A refinancing of an asset, where significant value has been created by management, and the Board and management agree that reinvestment opportunities are limited, and the proceeds should be distributed to stockholders.

 

 

Credit in AFFO Upon completion of a transaction resulting in a special distribution, subsequent AFFO for the LTEP will include an upward adjustment, calculated as an amount equal to 6.0% of the total amount distributed as a special distribution.

 

Example if the property at JFK airport generates net operating income (“NOI”) of $3.3 million, is appraised at $83 million, and has a mortgage balance of $32.5 million, then the following examples describe the adjustment to subsequent AFFO upon a sale and refinancing, accompanied by a special distribution of the proceeds:

 

 

If the property were to be sold for $150 million and the net proceeds of $117.5 million (after repaying the mortgage) are distributed to stockholders, the AFFO credit would be $7.05 million (i.e., 6.0% of $117.5 million).

 

 

 

Assuming the property could be refinanced to 50% of the value of $150 million, or $75 million, the proceeds would be $42.5 million (i.e., $75 million new balance less $32.5 million current mortgage).
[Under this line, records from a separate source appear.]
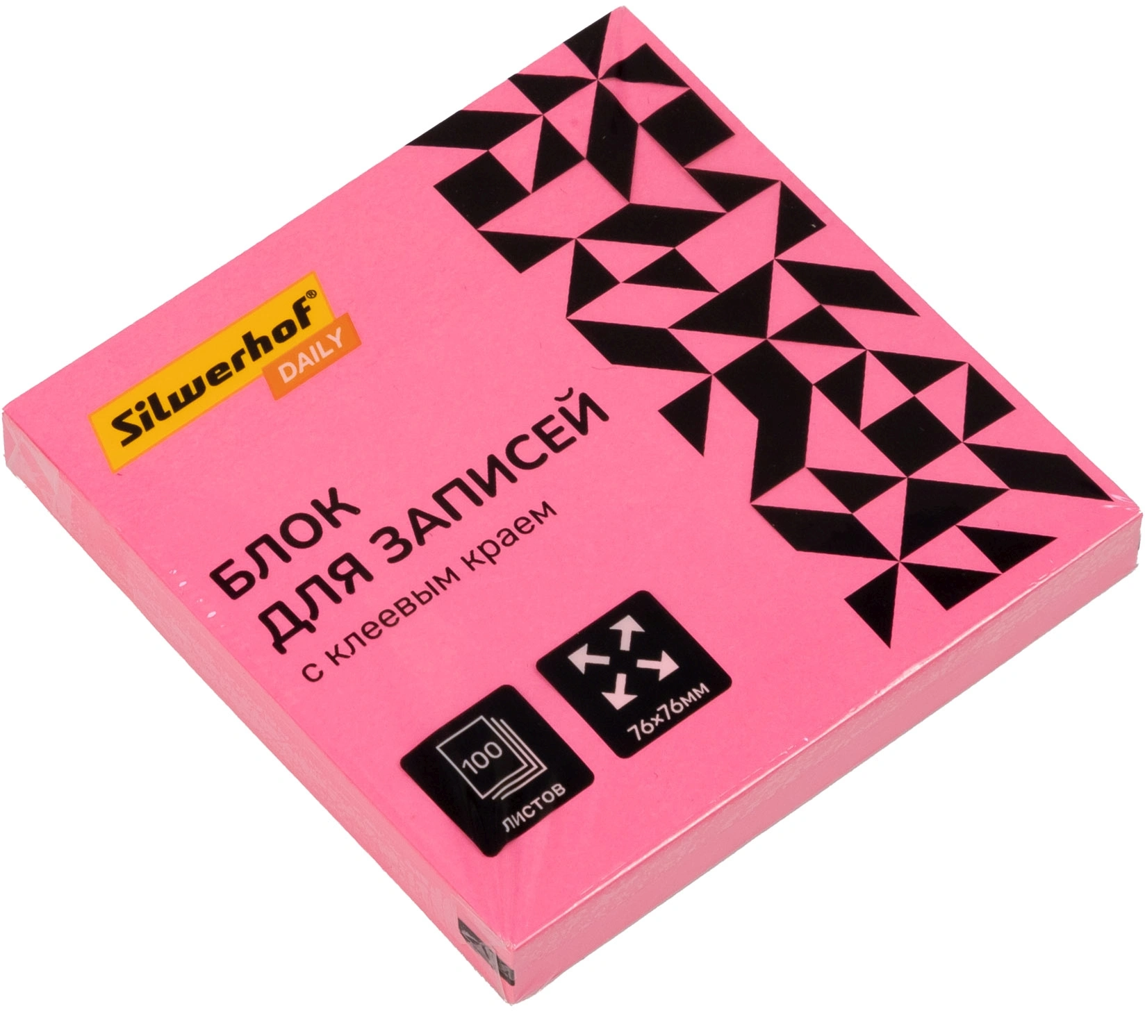 Блок самоклеящийся бумажный Silwerhof Daily 76x76мм 100лист. 75г/м2 неон розовый (упаковка 12 шт.)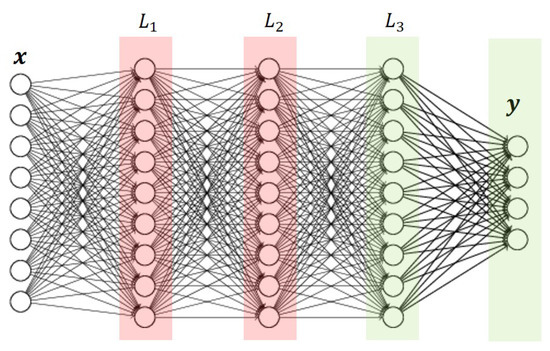 The first method used for training a normal behavior regression model is an artificial neural network (ANN). The ANN is selected due to its high potential for delivering fast and accurate predictions for a variety of applications, such as demonstrated in previous studies [5,20,21]. As illustrated in Figure 3, an ANN consists of a number of neurons which are organized in layers L. Its simplest form is a multilayer perceptron (MLP), in which the input vector is processed forward through the hidden layers to calculate and output vector . Figure 3 shows a network with three hidden layers and input and output vectors as used in this study.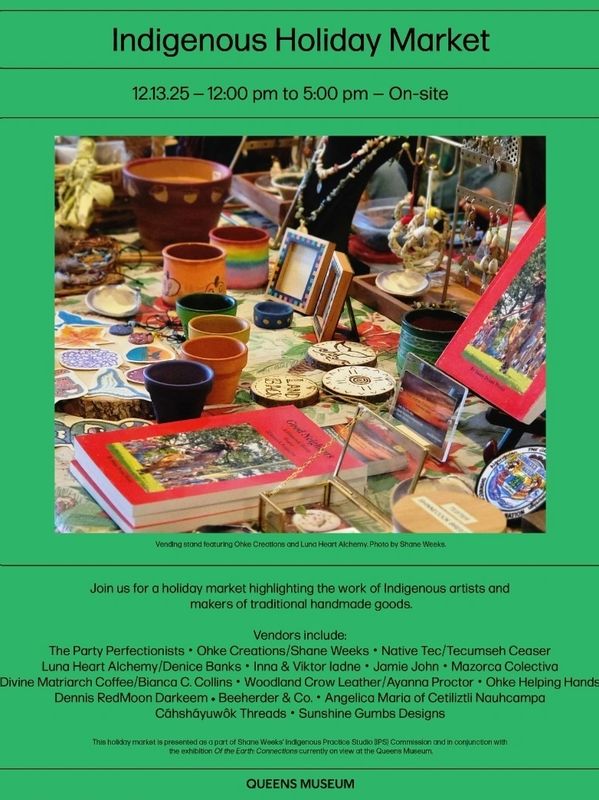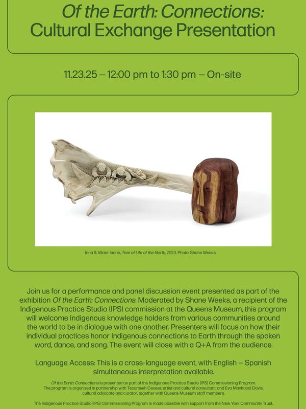 Of The Earth: Connections (OTEC) makes its debut as an artistic exhibition at the Queens Museum in Queens, NY. OTEC's creator, Shane Weeks, was granted the Indigenous Practice Studio Residency at the Queens Museum in 2025. OTEC highlights the connection we, as human beings have to the Earth as felt by artists from Indigenous communities around the world. This commands attention to our connection, disconnection, and reconnection to creation. This project features multidisciplinary art from multicultural contributors that speak to their lineage’s understanding of the human connection to the environment.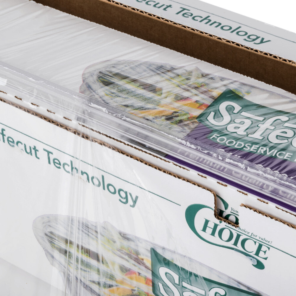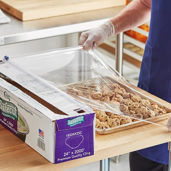 Measuring at an ample 24" width and 2,000' length, this film is perfect for every job from covering big containers, to wrapping large, bulky food items, and even securing loose serving utensils before catering events. It comes encased in a sturdy cardboard box that features the innovative, patented Safecut technology, ensuring superior safety within your bakery, deli, restaurant, or catering kitchen.

If the $42.5 million in proceeds were distributed as a special dividend to stockholders, the upward adjustment to AFFO would be $2.55 million (i.e., 6.0% of $42.5 million). In this case, the Company still owns the property and income from the property would also be included in actual AFFO.

 

 

In all cases, the adjustments are subject to the following provisions:

 

 

For the first year, the amount will be pro-rated for the period from date of the transaction through the end of the year (e.g., for a sale on June 30, only NOI attributable to the second half of the year would be added); and

 

 

 

For years after the first year, the adjustment is increased by 1.5% to account for the lost opportunity to reinvest each year’s projected NOI (after dividend payout of 75%). For example, if a property is sold on December 31 for $50 million with proceeds distributed, the AFFO adjustment for the next year would be $3.0 million (i.e., 6.0% of the $50 million distributed). For the next year, the AFFO adjustment would be $3.045 million, or the original $3.0 million plus 1.5% ([100% - 75%] x 6.0%) of $3.0 million.